The little creature nodded, cloaked in shadow and his own sorrow.
“Do your people know yet?”
“I’m sure they heard it. I wasn’t too far from the Stump.” His sobs interrupted him. “I was only trying to ask what it was like living so long, and so tall above the world.”
Elioth could see him, being accustomed to the lack of light as she was, and she saw the look in his eyes. It was one she had never seen in him before. And she did not like it. Something in him had changed, and not for the better. “What will you do now?” she asked.
“What can I do? I can’t abandon my family. I can’t abandon my home.
The Stump is where I belong.”
“But will your people understand your intentions?”
“Doubtful. They already give me looks as I pass them on the streets.
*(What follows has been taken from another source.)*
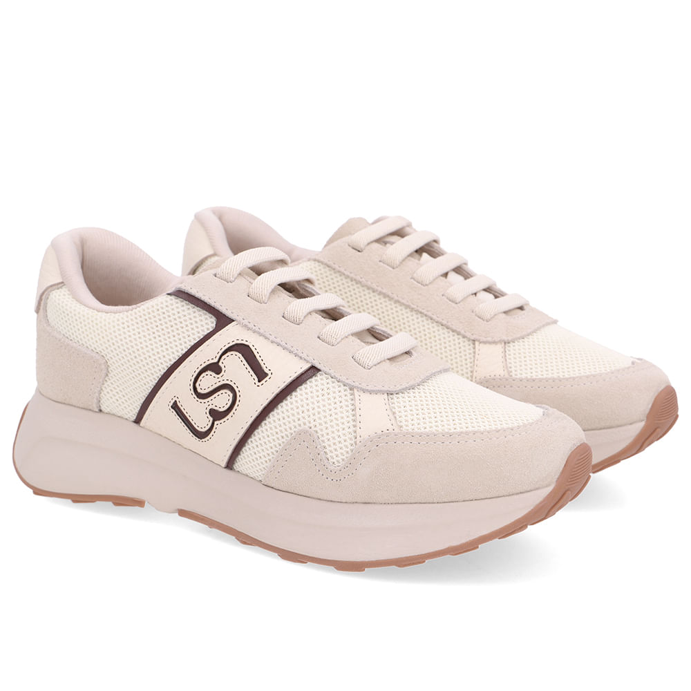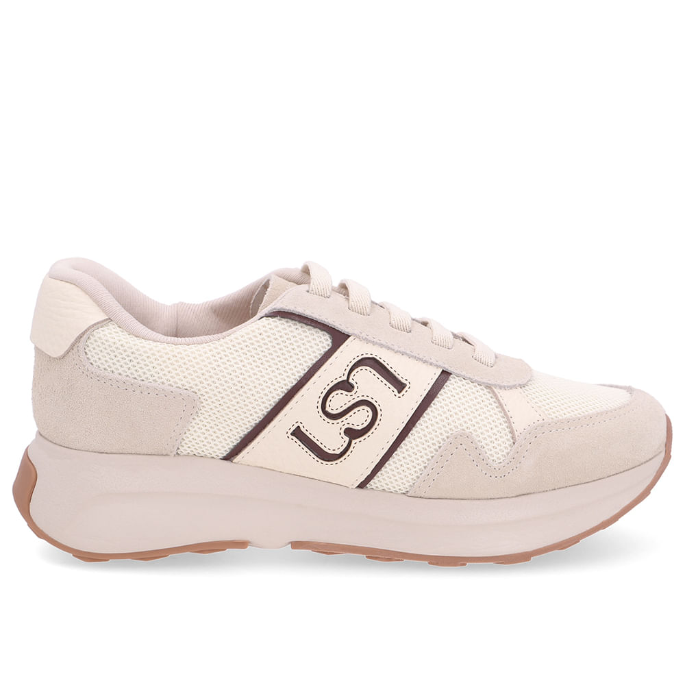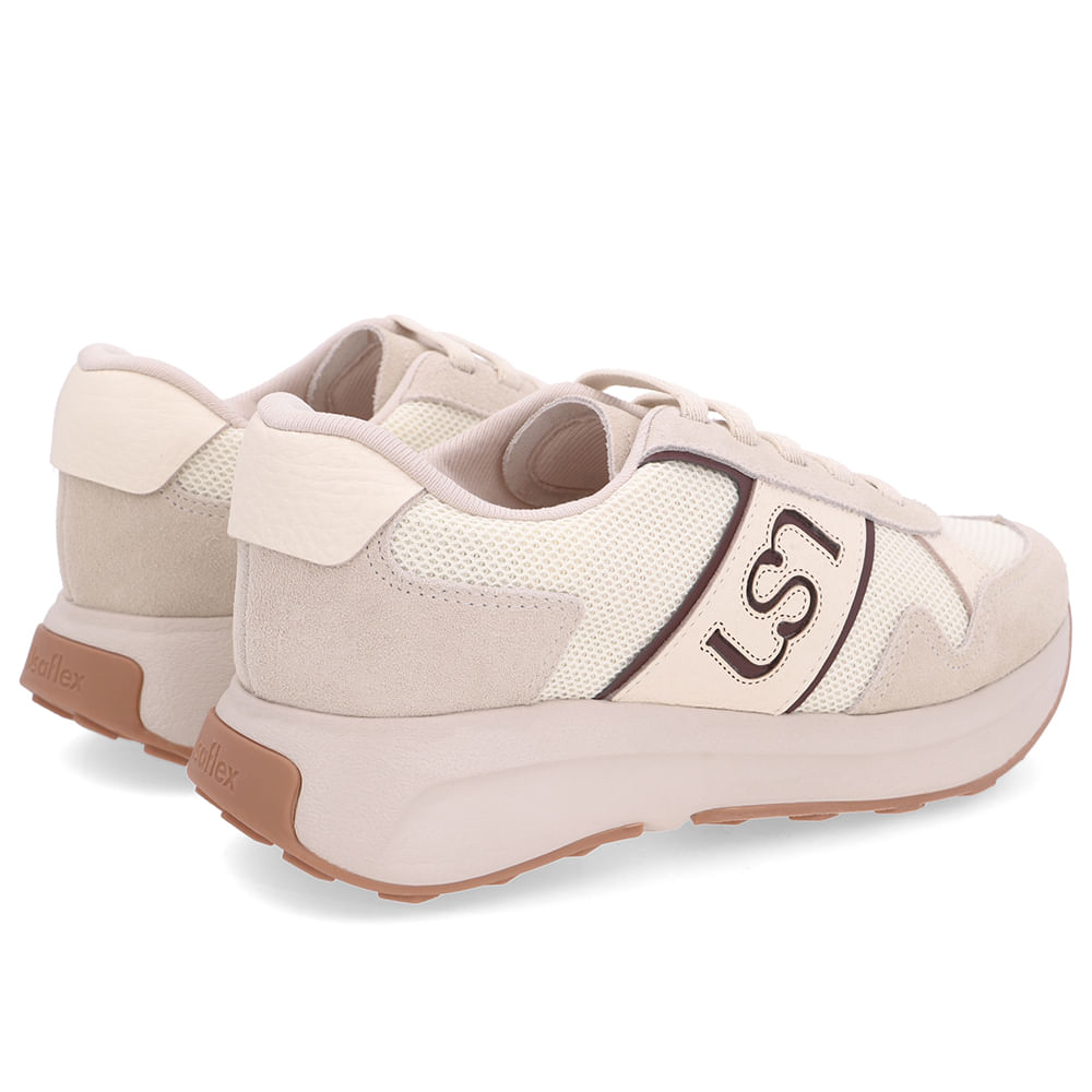 Tênis com cabedal em couro camurça gelo, tecido na cor marfim, com detalhe em Relax Catalano. Design anatômico pensado para tornar o momento de calçar mais fácil e prático.

They do not approve of what I try to accomplish, even if it is for them as much as me.”
Elioth, for the first time she could remember in her long endless existence, had no advice to give other than the obvious, “You must go home, and deal with whatever punishment your people deem necessary. Your family is more important than your dream of immortality.”
“How can you say that?” her friend stood from the ground, defiant.
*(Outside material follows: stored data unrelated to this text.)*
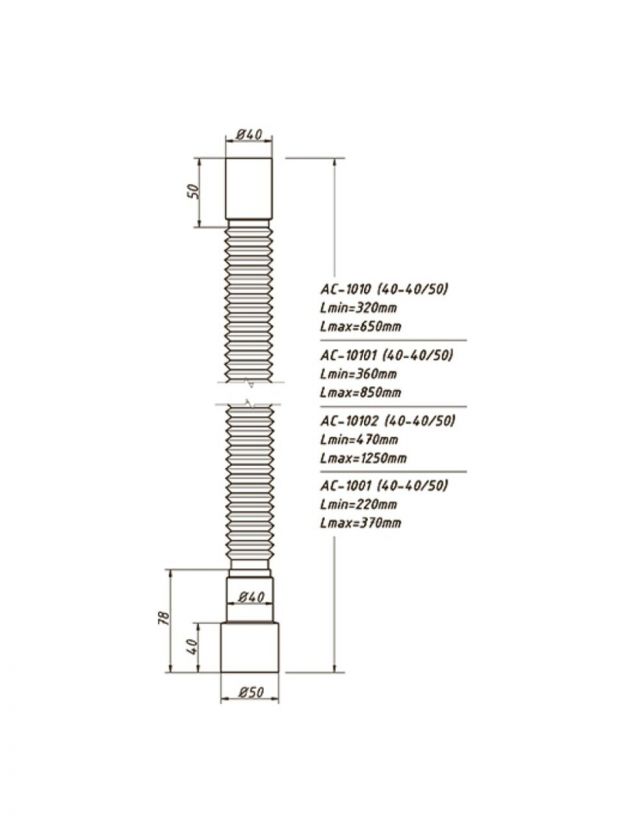 Гофра для сифона 370 мм, 40х40/50, полипропилен, Orio, АС-1001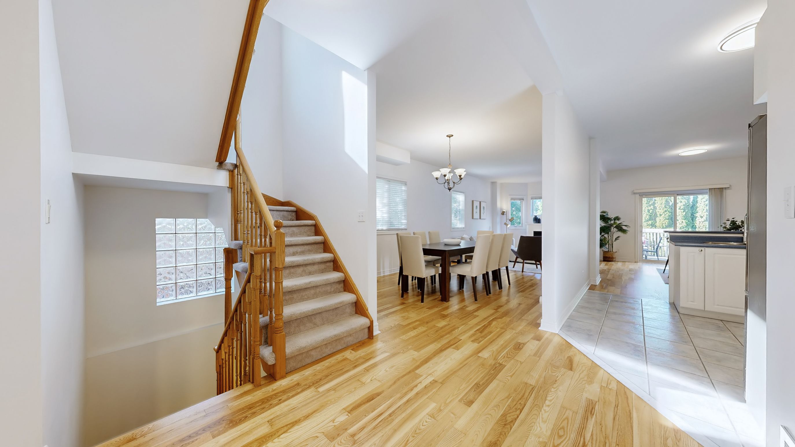 Welcome to 96 coalport drive, offering over 3,000 sq. Ft. Of finished living space with 4 spacious bedrooms and 4 bathrooms. The main floor features freshly refinished hardwood flooring (2025), a bright living and dining area, a family-sized kitchen with stainless steel appliances, a breakfast nook, convenient laundry, and a walkout to a private backyard with a deck -- ideal for summer entertaining and everyday relaxation. Upstairs, the primary suite includes a makeup/dressing area, his-and-hers closets, and a private ensuite, while three additional bedrooms provide plenty of space for family and guests. The fully finished basement, renovated in 2014, adds a versatile layout perfect for a gym, recreation room, or home office, complete with a large storage room and a 3-piece washroom. Recent updates include a new roof (2019) and air conditioning system (2019). Built in 1998, this home also includes a built-in garage plus driveway parking for three vehicles. Located just minutes from balmy beach, toronto hunt club golf course, balmy beach park, and the shops, cafes, and dining of kingston road, this property offers both space and lifestyle in a family-friendly neighbourhood with excellent schools, parks, and transit options.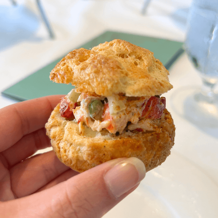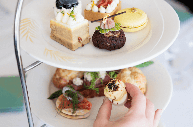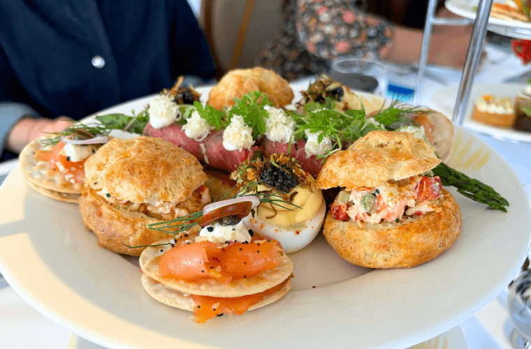 On our visit, the classic three-tiered stand offered a medley of savoury bites, scones, and sweets. Highlights of the savoury selection included a nostalgic devilled egg and a decadent New England lobster roll. However, the smoked salmon disappointed, and the expected bagel crisps were replaced with lacklustre water crackers. Guests can elevate their Afternoon Tea experience with a glass of Veuve Clicquot (+$10) or Ruinart Blanc de Blancs (+$20)—a welcome indulgence alongside the savoury course.

“Who do you think you’re talking to?" she shot back immediately. "I have seen all the ages of this world, I have watched my children come and go, the seasons change and return. Year after year, I watch everything around me age, I watch rocks turn to dust, while I linger on. Yet here you are, daring to ask how I can tell you to go home and be with the ones you love? The gift of short life you have, you fritter away worrying about death! It will come for you, no matter what you do, and so heed my advice. If you’ve any sanity left in you at all, go home and see to it that your daughter does not make the same mistakes you have!”
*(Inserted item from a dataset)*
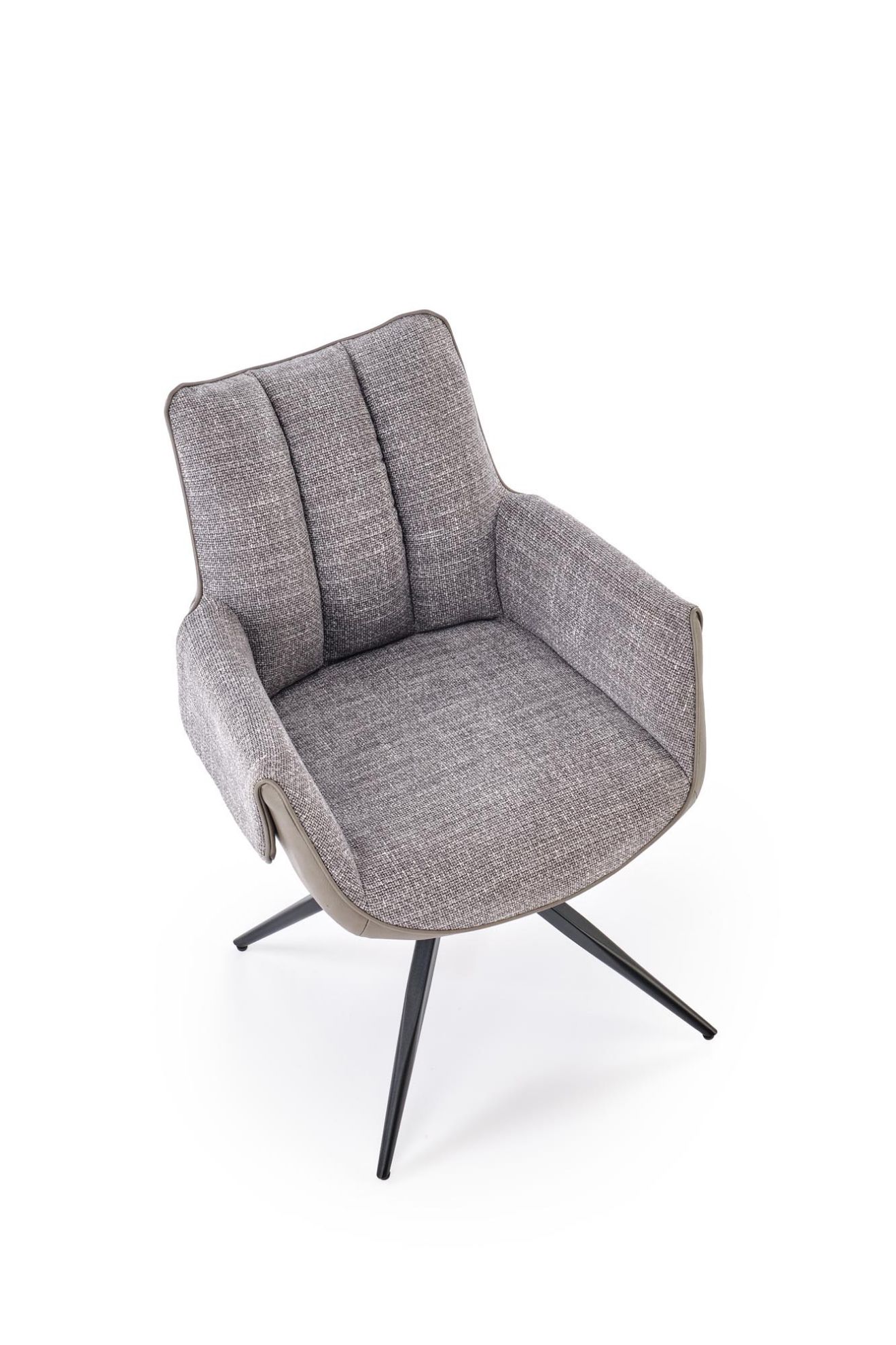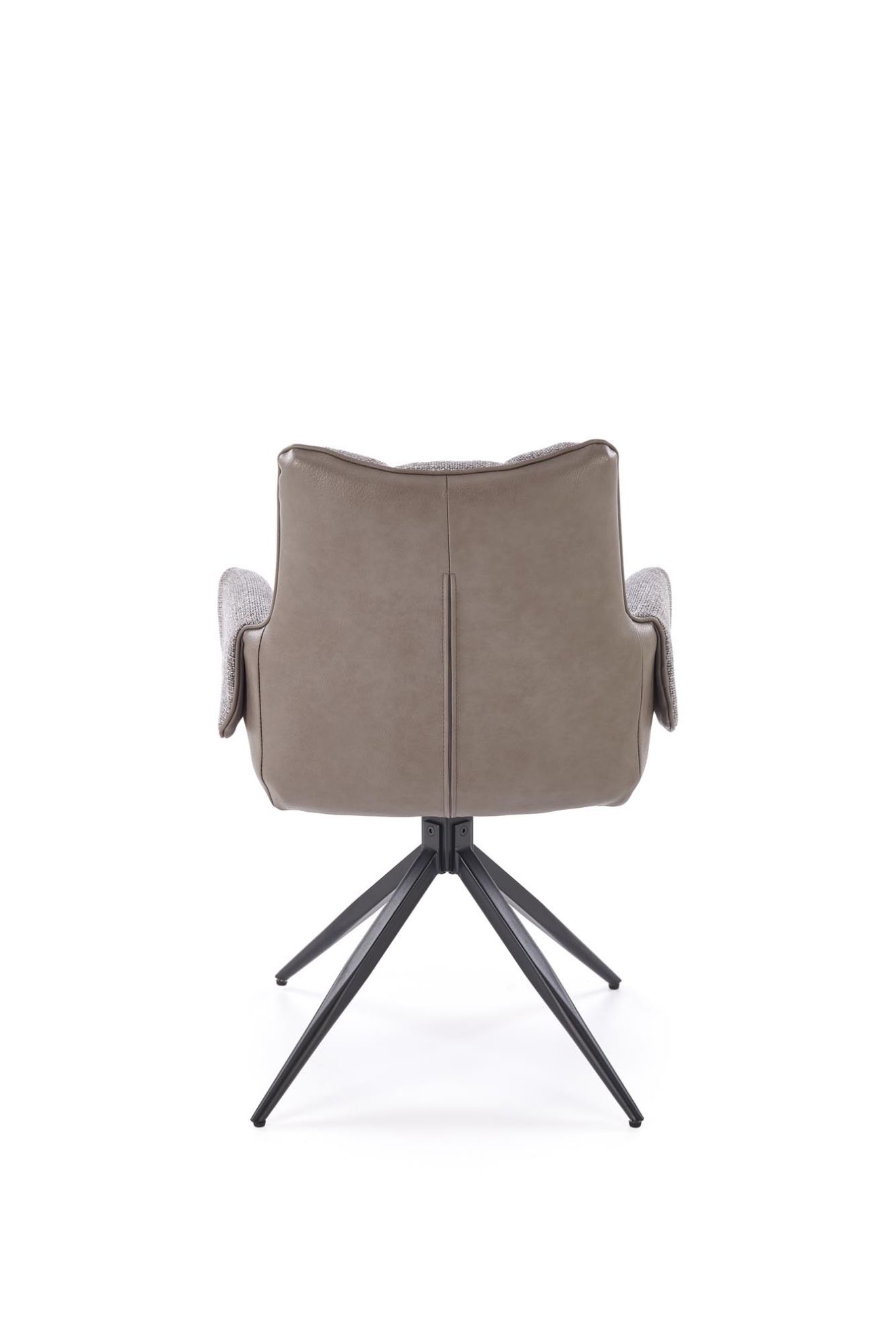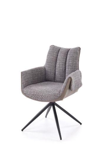 Siedzisko i oparcie krzesła 579 Domeno pokryte są połączeniem tkaniny oraz eco skóry w popielatym odcieniu. Zastosowane materiały są estetyczne, przyjemne w użytkowaniu i łatwe w utrzymaniu czystości. Popielata tapicerka nadaje krzesłu elegancki, stonowany wygląd, który doskonale komponuje się z czarnym metalowym stelażem.

She turned her head from him. She couldn’t bear to see him in such a state. She had never yelled at him this way before. How could he be so blind to his own folly?
“I thought you were my friend.” he said to her.
A solitary tear fell from her many-eyed face. She would say no more.
“Fine,” he said. “If this is how you would say goodbye to an old acquaintance… they will not hold me behind the walls of my own house forever. I will not be imprisoned! Whether it is in life or death, I will have my revenge. They have no idea what they throw away.”
With that, Elioth’s visitor was off, back to the world above, back to the life he was wasting in search of something that would never be found. Neither do you, Elioth thought as she sank back into her lair, down into its recesses, to tend to her eggs. She would keep them warm, watch them hatch, and then watch them fly away on the winds of life. Yet, there she would remain, forever the mother and never again the child. How she wished her story would end, so that she might start over again.
There was one bit of luck she had in her long life, and that was the ability to watch the world around her change and mature. She was certain that in the years to pass, something great and possibly terrible would become of those little green creatures, the Shymen of the Stump. Yes, the winds of change were blowing.